To prove that all birds are lively, one considers a generic bird $$x$$. By Law (c), $$\exists y$$ such that (c1) $$Py(Pyx)\in\mathcal{L}$$ and (c2) $$P(Pyx)y\in\mathcal{L}$$. By Law (a), from (c1) one finds that $$Pyx\in\mathcal{L}$$, which together with (c2) imply, by Law (b), that $$y\in\mathcal{L}$$. The latter two statements, in turn, again according to Law (b), lead to $$x \in \mathcal{L}$$.

### Exercise 3

The goal is to prove that Laws (a)-(c) given in the previous Exercise can be derived from Laws 1-4 of Problem 1, under the identification $$\mathcal{L} \equiv S$$, which concludes the reasoning.

To prove Law (a), first recall that if $$Px(Pxy)\in\mathcal{L}$$, then $$Px(Pxy)\in S$$. Then, either $$x\in S$$ or $$s \notin S$$. In the first case, by Law 3 one finds that $$Pxy\in S$$; in the second case, immediately by Law 2 the fact that $$Pxy\in S$$ follows. The statement can be expressed equivalently as $$Pxy\in\mathcal{L}$$.

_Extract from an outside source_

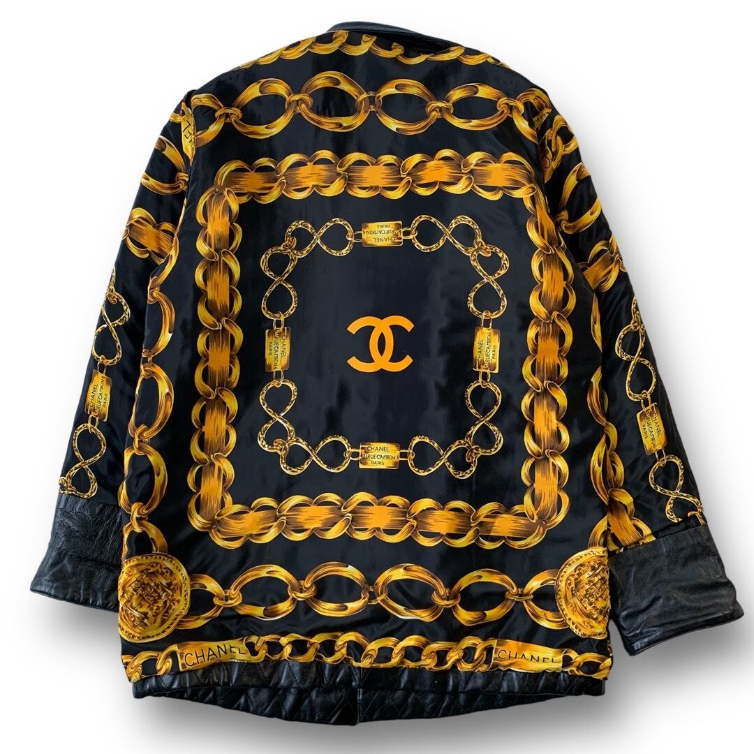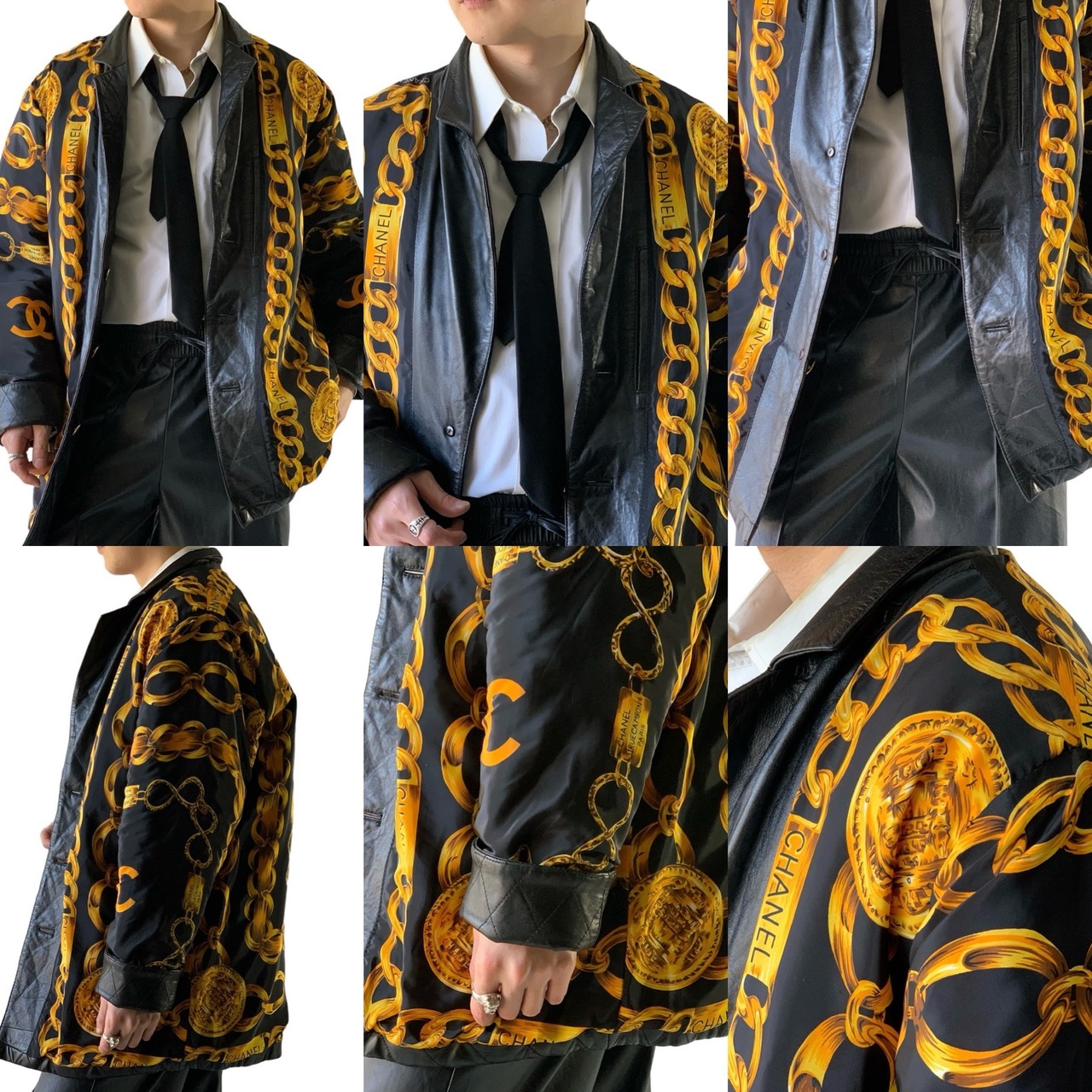 ♾vintage bootleg♾ cocomark motif scarf patterned switching design leather tailored jacket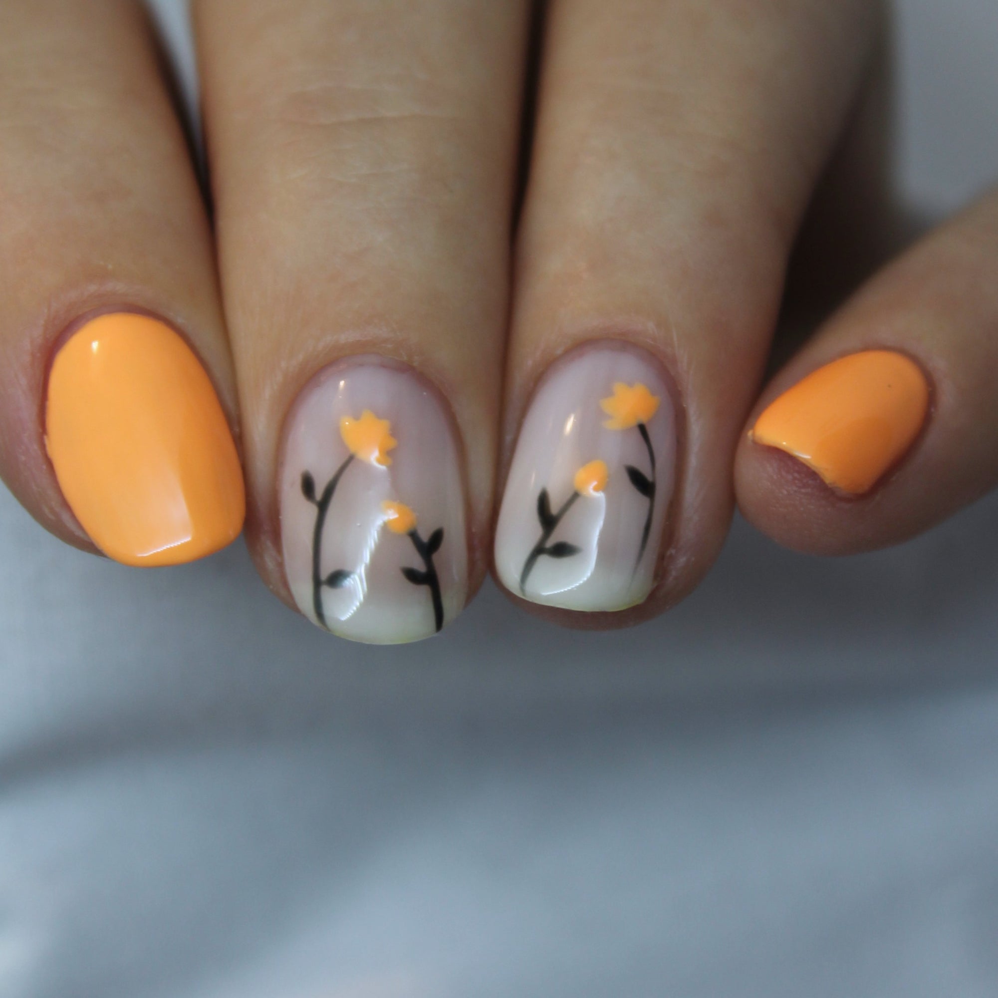 Basen til blomsterne er Milky White, og ellers er det Tangerine og Midnight Black, der er brugt til de her sommer negle. Når du har lagt et par lag af Milky White, maler du først de sorte stilke med en Liner Brush for at se, hvor dine blomster skal være på neglen. Når de er hærdet, kan du male små blomster på med en Detail Brush - enten nogle der er sprunget ud, eller de små fine skud (du kan se begge dele på det her design).

Law (b) is a simple reformulation of Law 3 and requires no proof.

Law (c) can be proven as follows: first, by Law 4, $$\forall x, \exists y$$ such that $$y\in S \Leftrightarrow Pyx \in S$$. Now two lines of reasoning are needed, one for each of the two statements asserted by Law (c).

It can be that $$y\in S$$ or $$y\notin S$$. In the first case, one has that $$Pyx\in S$$ by Law 4 and then that $$Py(Pyx)\in S$$ by Law 1. In the second case, the first desired statement $$Py(Pyx)\in S$$ follows directly by Law 2; finally, it can be stated as $$Py(Pyx)\in \mathcal{L}$$.

Again, consider the cases $$y\in S$$ and $$y\notin S$$. In the former case, Law 1 yields directly $$P(Pyx)y \in S$$, while in the latter Law 4 gives $$Pyx\notin S$$, hence by Law 2 $$P(Pyx)y \in S$$. Again, the statement $$P(Pyx)y \in \mathcal{L}$$ is equivalent to what has just been proved.